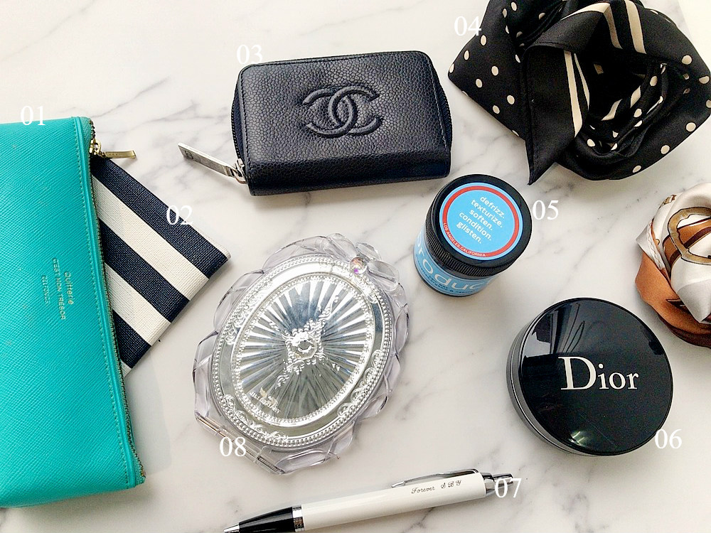 01.ペンケース 02.ポーチ 03.ミニ財布 04.スカーフ 05.ヘアワックス 06.ハイライト 07.ペン 08.手鏡
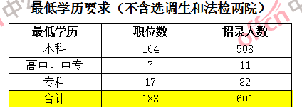 湖南廣納各種學歷的人才,上至博士研究生,下至高中畢業(yè)生,都有其用武之地。據(jù)統(tǒng)計,要求本科學歷的招錄人數(shù)占84.53%,要求專科學歷的招錄人數(shù)占13.64%。雖然本科學歷占大頭,但低學歷的人員也有機會參與競爭。
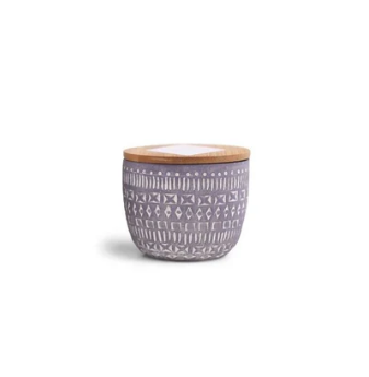 Sojaduftkerze im handveredelten Betongefäß mit Holzdeckel
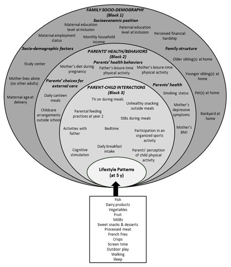 The different contextual factors candidates for their possible association with lifestyle patterns were structured from the most distal to the most proximal within a three-nested-block framework (Figure 1), derived from both socio-ecological [15,21] and hierarchical [22] approaches, and were organized as follows: family socio-demography, parents health/behaviors, and parent-child interactions. These variables were selected on the basis of both the associations highlighted in the literature between contextual factors and each of the EBRBs under study [23], and their availability in the EDEN study. Given the cross-sectional approach, when available, we prioritized contextual factors collected at year 5. Otherwise, a few variables still thought valuable to consider before year 5 were selected because they are known to be relatively stable across early childhood. More details on the data used are provided in Additional Text S1 (“Family socio-ecological factors definition”).
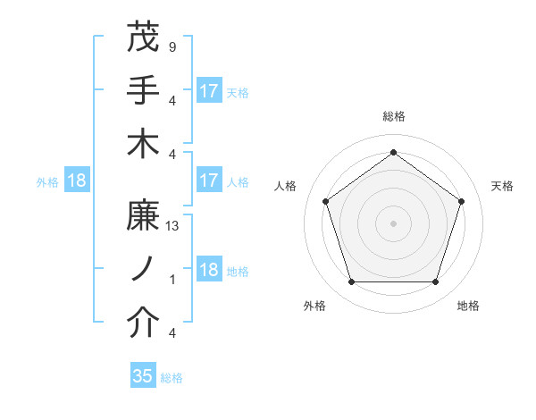 茂手木 廉ノ介さんを姓名の画数から五運を鑑定
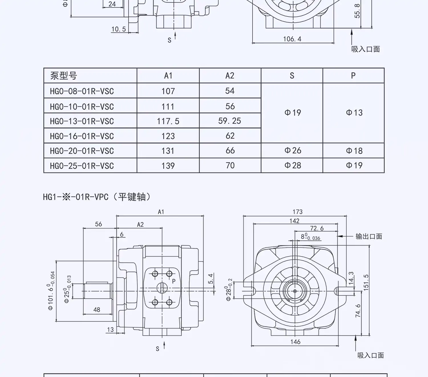 • 油口(從軸端看):吸油口(P):上(A)壓油口(T):上(A)

• • • •

» GOAL OF THE EXERCISE: Copy every line exactly, from the opening line of the entries down to the line holding "Sojaduftkerze im handveredelten", and keep the pictures out.

» WRITTEN RESPONSE:
 01.ペンケース 02.ポーチ 03.ミニ財布 04.スカーフ 05.ヘアワックス 06.ハイライト 07.ペン 08.手鏡
 湖南廣納各種學歷的人才,上至博士研究生,下至高中畢業(yè)生,都有其用武之地。據(jù)統(tǒng)計,要求本科學歷的招錄人數(shù)占84.53%,要求專科學歷的招錄人數(shù)占13.64%。雖然本科學歷占大頭,但低學歷的人員也有機會參與競爭。
 Sojaduftkerze im handveredelten Betongefäß mit Holzdeckel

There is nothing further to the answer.